[Extracted data entries]
***

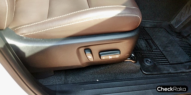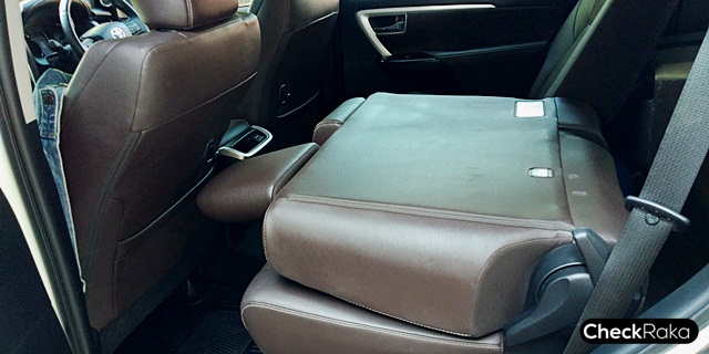 เบาะคู่หน้าปรับไฟฟ้า เบาะตอนที่สอง ปรับและพับอเนกประสงค์แบบ 60:40 ส่วนเบาะแถวสามพับแบบเก็บขึ้นด้านข้างที่บางคนก็แอบบ่นว่าเกะกะบังมุมกระจกมองหลัง แต่บางคนก็บอกว่าวางของได้สะดวกดีเพราะพื้นเรียบ ส่วนในทริปที่ได้ลองสัมผัสเอง รู้สึกว่าเบาะหลังก็ไม่ได้เกะกะมากนัก และมีผลในการมองกระจกมองหลังน้อยมากๆ แต่ว่าการพับเก็บขึ้นและการกางเอาลงนั้นจะลำบากกว่าชาวบ้านเขานิดหน่อยครับ ต้องใช้แรงเยอะนิดนึง และก็มีเสียงของเบาะดังบางจังหวะที่ตกหลุมแรงๆ หรือผ่านถนนที่สะเทือนมากๆ
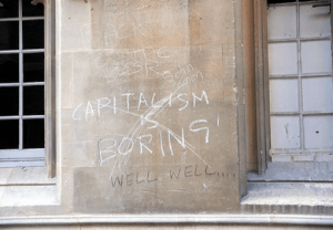 Capitalists make it seems as if there is no alternative because they hoard all the money, have all the hired guns, and pay off teams of servile lawyers, judges, and lobbyists to write and enforce their anti-life laws. Capitalists demand “law and order” whenever their servant classes get too restless. In general, the most hardened, dogmatic capitalists exhibit bewilderment and/or disgust at genuine human emotions like joy, creativity, spontaneity, and love. Many capitalists have an unconscious death wish, and want to drag the rest of us and the mother Earth down with them.
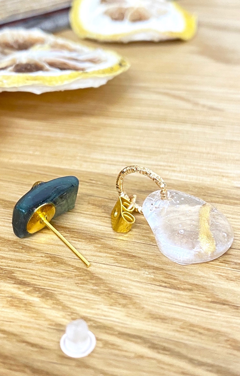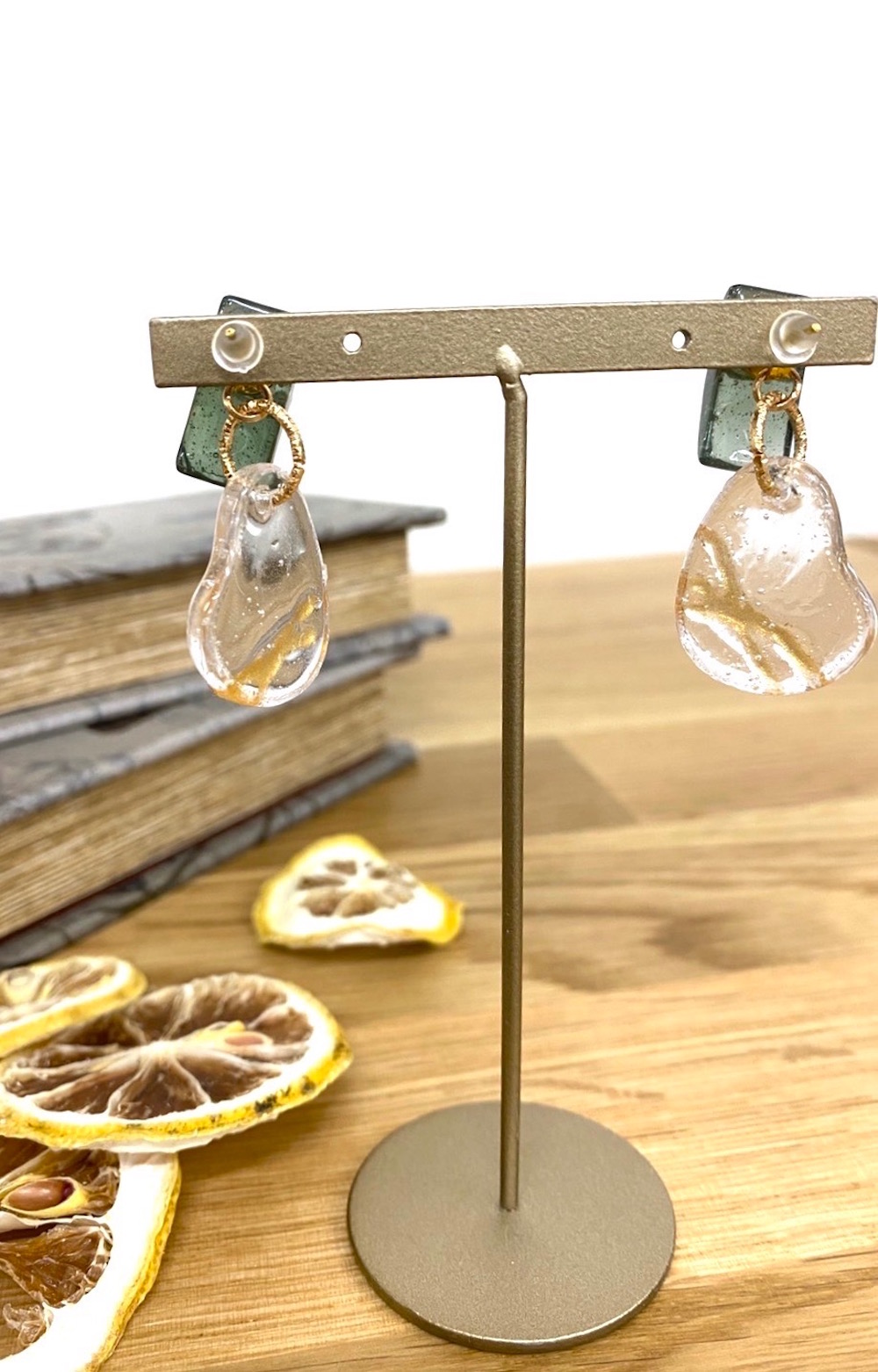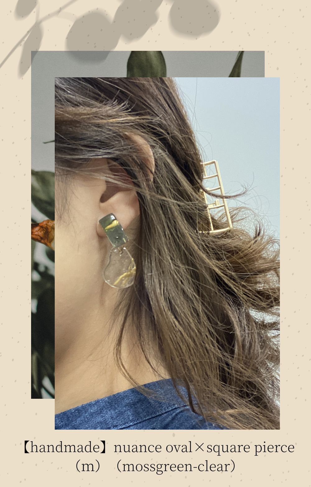 【handmade】nuance oval×square pierce(m)(mossgreen-clear)
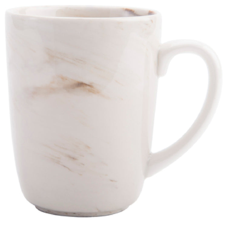 The 1880 Hospitality L6200000560 Oneida® Mug is a meticulously crafted porcelain mug designed to enhance any dining setting with its aesthetic appeal and practical features. With a volume capacity of 10-1/4 oz. and a diameter of 4-1/2", this round mug is ideal for serving hot beverages in various hospitality environments. A standout feature of the Oneida® Mug is its commitment to safety and durability; it is 100% lead and cadmium-free, ensuring safe use over time without the risk of harmful chemical exposure. The mug's chip-resistant property makes it a reliable choice for high-traffic settings where durability is essential. Its dishwasher and microwave-safe design adds convenience for both users and service providers, allowing for easy cleaning and reheating. The porcelain construction, complemented by a glazed finish, provides a sleek and elegant appearance suitable for upscale dining venues, while the Luzerne Marble design adds a touch of sophistication. This mug is a versatile option for restaurants, cafes, and hotels aiming to deliver a refined drinking experience with an emphasis on safety, longevity, and style. Its combination of aesthetic charm and practical features makes it an excellent choice for diverse market segments within the hospitality industry.
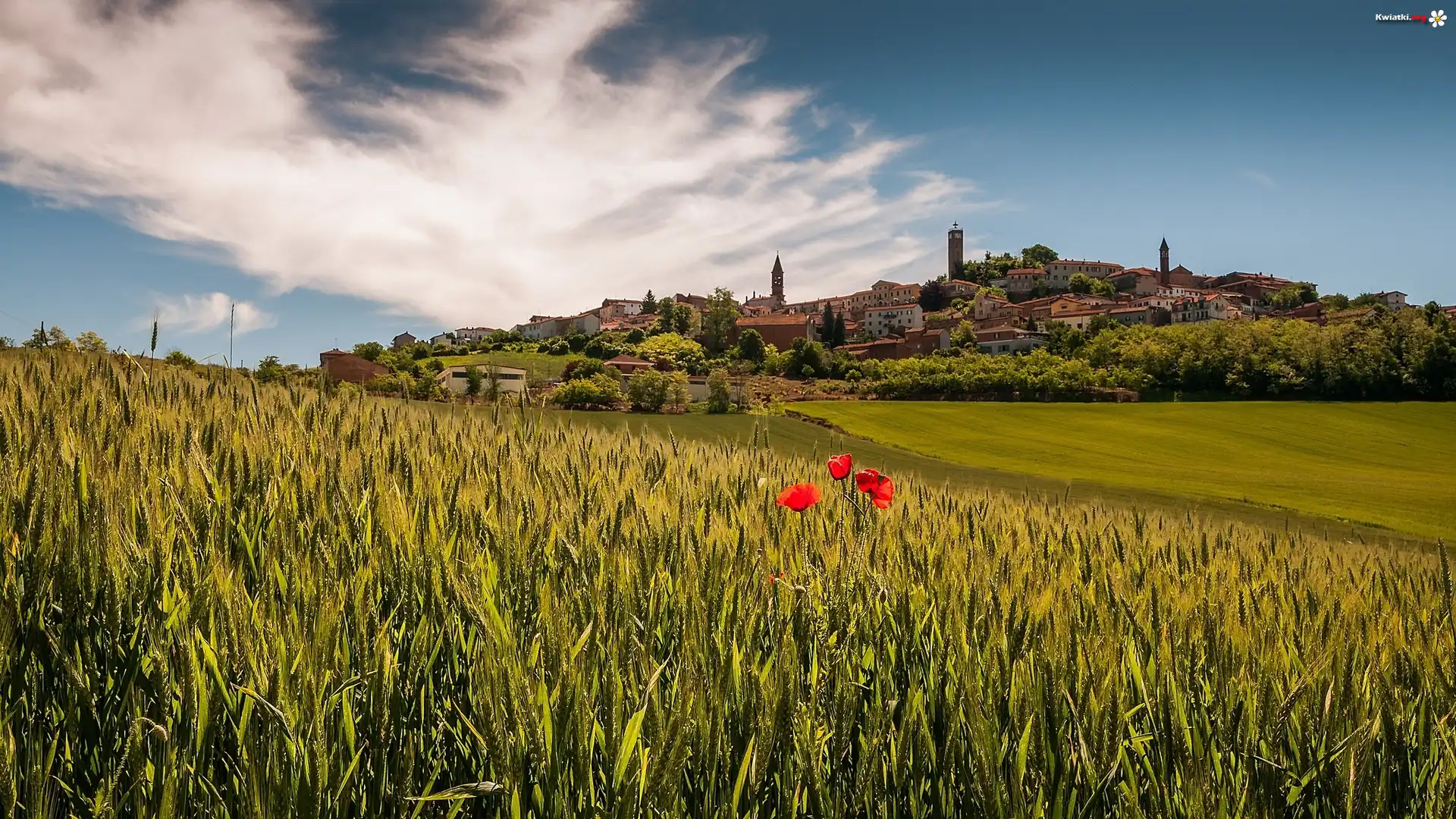 Kwiat Pole, Zboże, Mak, Zabudowania, Włochy
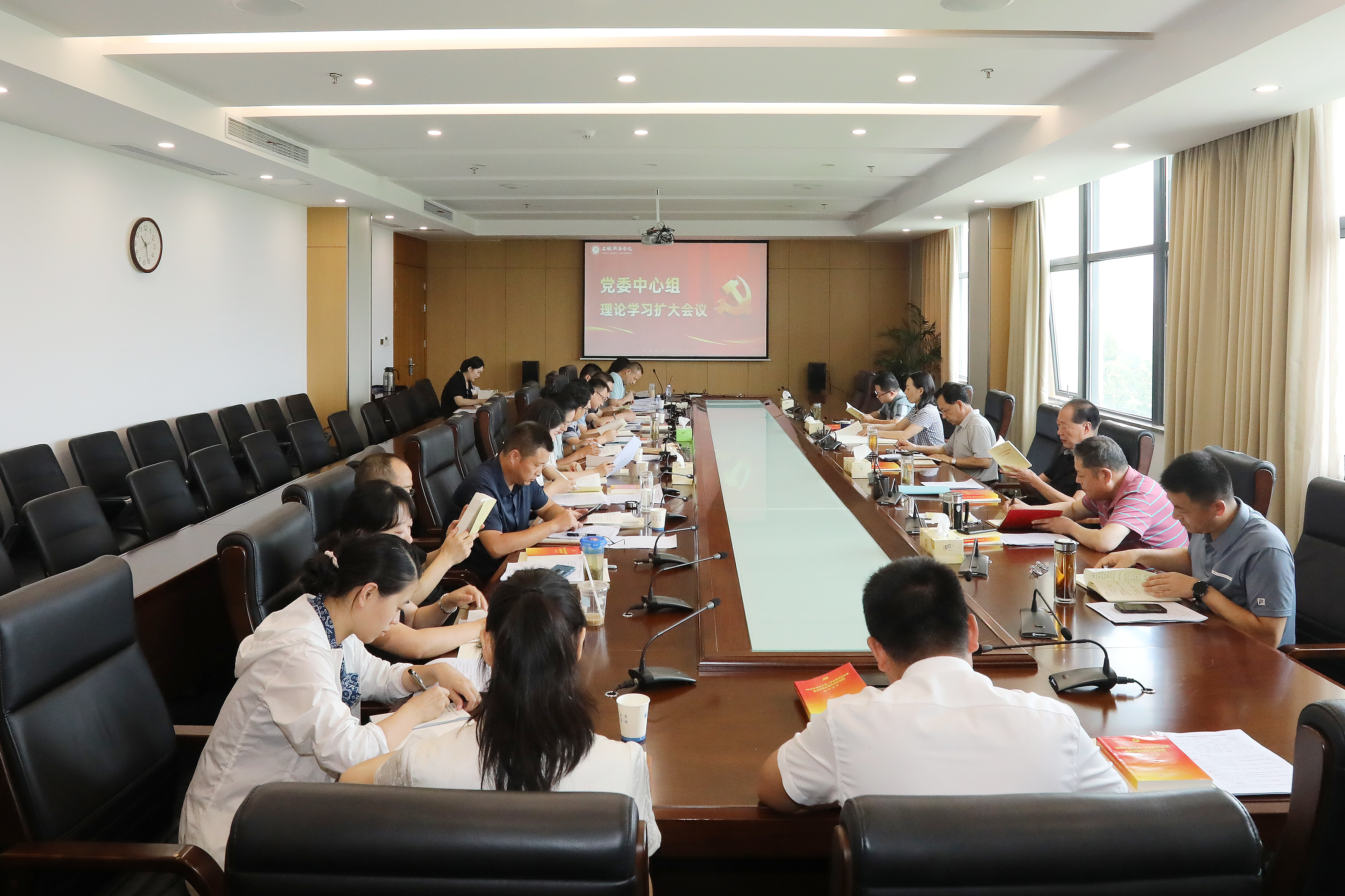 会上,与会人员集体学习了《习近平法治思想学习纲要》部分内容,《中共中央 国务院关于弘扬教育家精神加强新时代高素质专业化教师队伍建设的意见》,教育部党组书记、部长怀进鹏关于深化教育科技人才体制机制一体改革的讲话精神以及《安徽省教工委关于学习宣传党的二十届三中全会精神的通知》,怀进鹏在《学习时报》上的撰文《深化教育综合改革 为加快建设教育强国提供强大动力》,《〈中共中央关于进一步全面深化改革、推进中国式现代化的决定〉辅导读本》部分内容,《习近平关于全面依法治国论述摘编》部分内容。与会人员视频学习了《高举改革开放旗帜》第一集“开辟中国式现代化广阔前景”。

***

# [WORK REQUEST]
Print the lines from the one that contains "Kwiat Pole, Zboże, Mak, Zabudowania, Włochy" through the last line of the data, exactly and in full, and no other lines. Pictures are not part of the copy.

# [SOLVED PROBLEM]
 Kwiat Pole, Zboże, Mak, Zabudowania, Włochy
 会上,与会人员集体学习了《习近平法治思想学习纲要》部分内容,《中共中央 国务院关于弘扬教育家精神加强新时代高素质专业化教师队伍建设的意见》,教育部党组书记、部长怀进鹏关于深化教育科技人才体制机制一体改革的讲话精神以及《安徽省教工委关于学习宣传党的二十届三中全会精神的通知》,怀进鹏在《学习时报》上的撰文《深化教育综合改革 为加快建设教育强国提供强大动力》,《〈中共中央关于进一步全面深化改革、推进中国式现代化的决定〉辅导读本》部分内容,《习近平关于全面依法治国论述摘编》部分内容。与会人员视频学习了《高举改革开放旗帜》第一集“开辟中国式现代化广阔前景”。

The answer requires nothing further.